The Food Lab: Better Home Cooking Through Science

(Nandana) #1

  • Other grains, like rice flour or cornstarch or corn
    flour, can have varying effects. Rice flour and cornstarch
    can be used to dilute the protein concentration of pure
    wheat flour, giving the batter a lighter structure (you still
    need at least bit of protein, or it won’t have any structure
    at all). Corn flour has larger grains than wheat flour, which
    add the crunch you get in a hush puppy or good corn dog.

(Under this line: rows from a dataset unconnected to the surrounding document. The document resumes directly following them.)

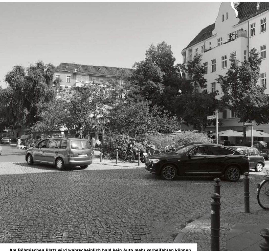
Am Böhmischem Platz wird wahrscheinlich bald kein Auto mehr vorbeifahren können

Text: Kerstin Heinze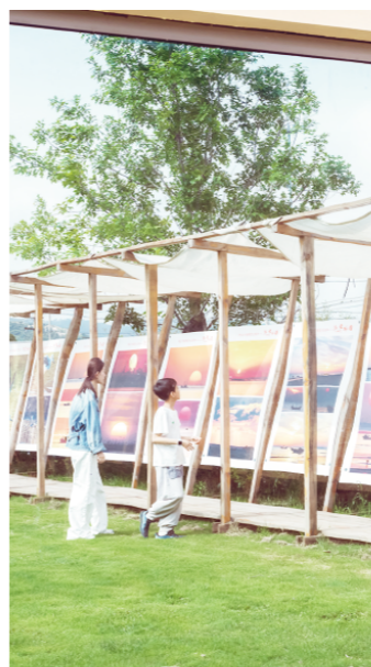
◀一个关于「日出初光先照」的摄影展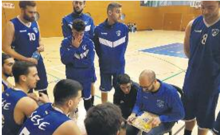
Els de Carlos Espona estan fent una gran temporada.

Ara que ja s'han jugat les primeres 17 jornades, l'equip presenta un balanç de 15-2, el mateix que el Molins, amb tres victòries més que el Sant Cugat, quatre més que l'Alpicat i cinc més que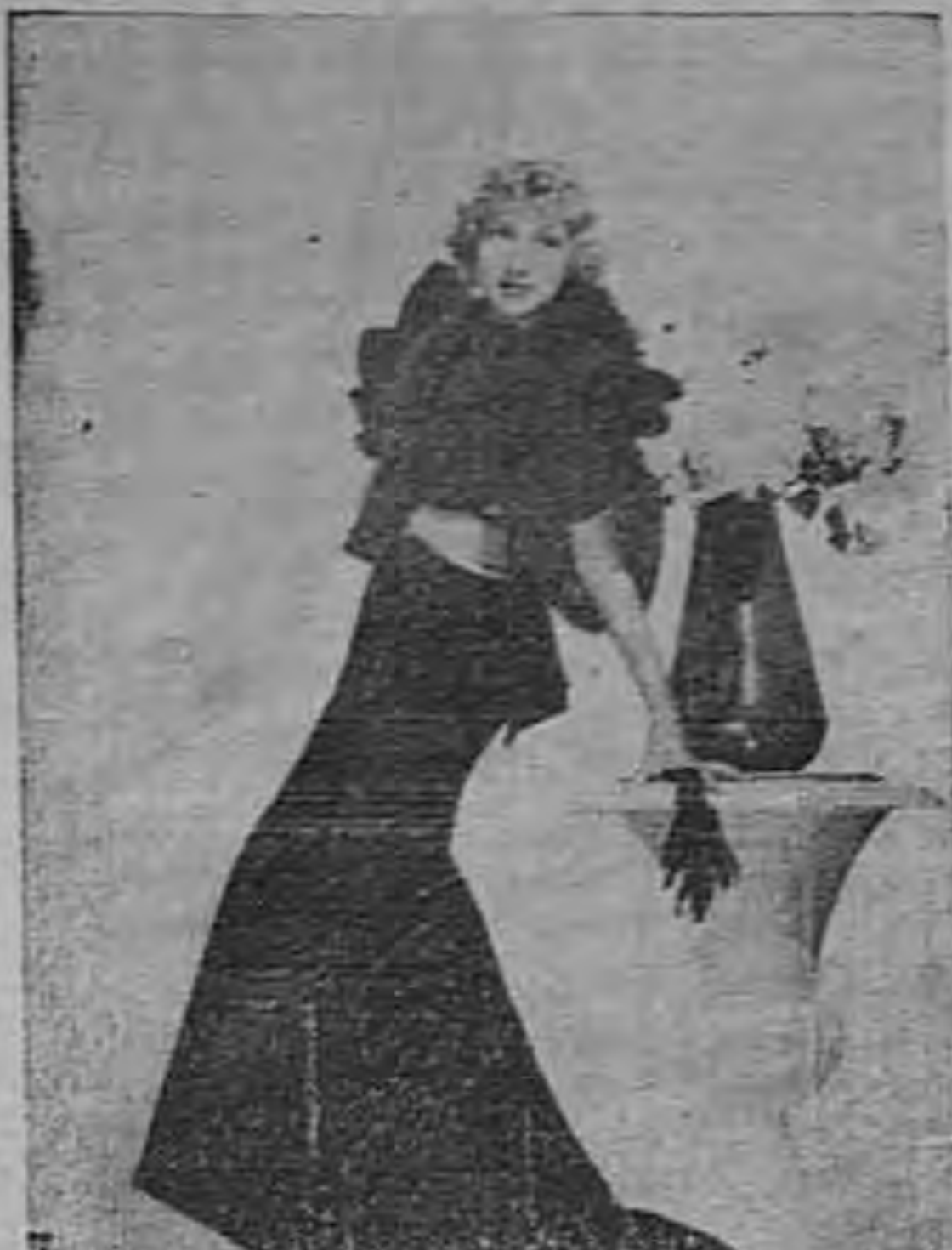
Original modelo de noche que luce Gertrude Michael, artista de la Paramount.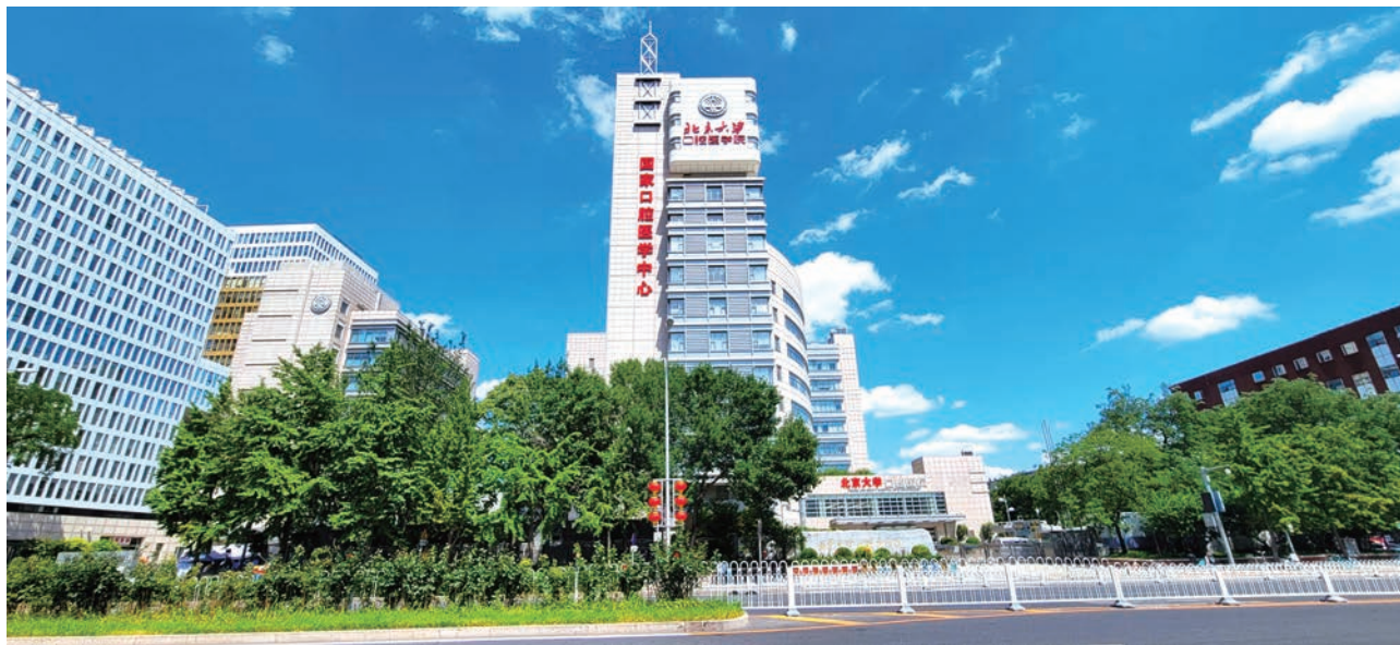
图10 砥砺前行中的北京大学口腔医学院

在中国共产党的领导下，如今的北京大学口腔医（学）院已成为医疗、教学、科研、预防四位一体的大型口腔医学院，是目前国际上口腔专科医疗服务规模最大的口腔医院，成为我国口腔医学对外交流的重要窗口。建院80年来，北京大学口腔医学院不但赢得了国内外知名的学术地位，培养了大批口腔医学人才，且形成了极具特色的医院文化。“厚德尚学、精医济世”的院将激励北大口腔学人开拓进取、追求卓越、再创辉煌。

The first order of business with any batter is to get the
consistency right. Too thick, and it comes out bready; too
thin, and it doesn’t offer enough protection. It’s also
essential to balance leavening power and gluten
development. Too little leavening, and you get a hard, tough
shell; too much, and your batter will overinflate and strip
itself off your food.
Rather than using straight-up flour for my batter, I use a
combo of flour and cornstarch, which reduces the amount of
gluten formed—the protein network that can cause a batter
to become leathery and tough. Gluten formation is also
increased with excessive stirring, so mixing the batter with a
whisk or a pair of chopsticks just until it barely comes
together is the way to go. A few spots of raw flour are
perfectly fine.
There are a couple reasons to use beer. First off, sugars
present in the beer will increase the brownability of the
batter. The bubbles are also essential—they create the tiny,
tiny pockets inside a good batter that add to our perception
of crunchiness; it’s really just a little boost for the baking
powder, which performs a similar function.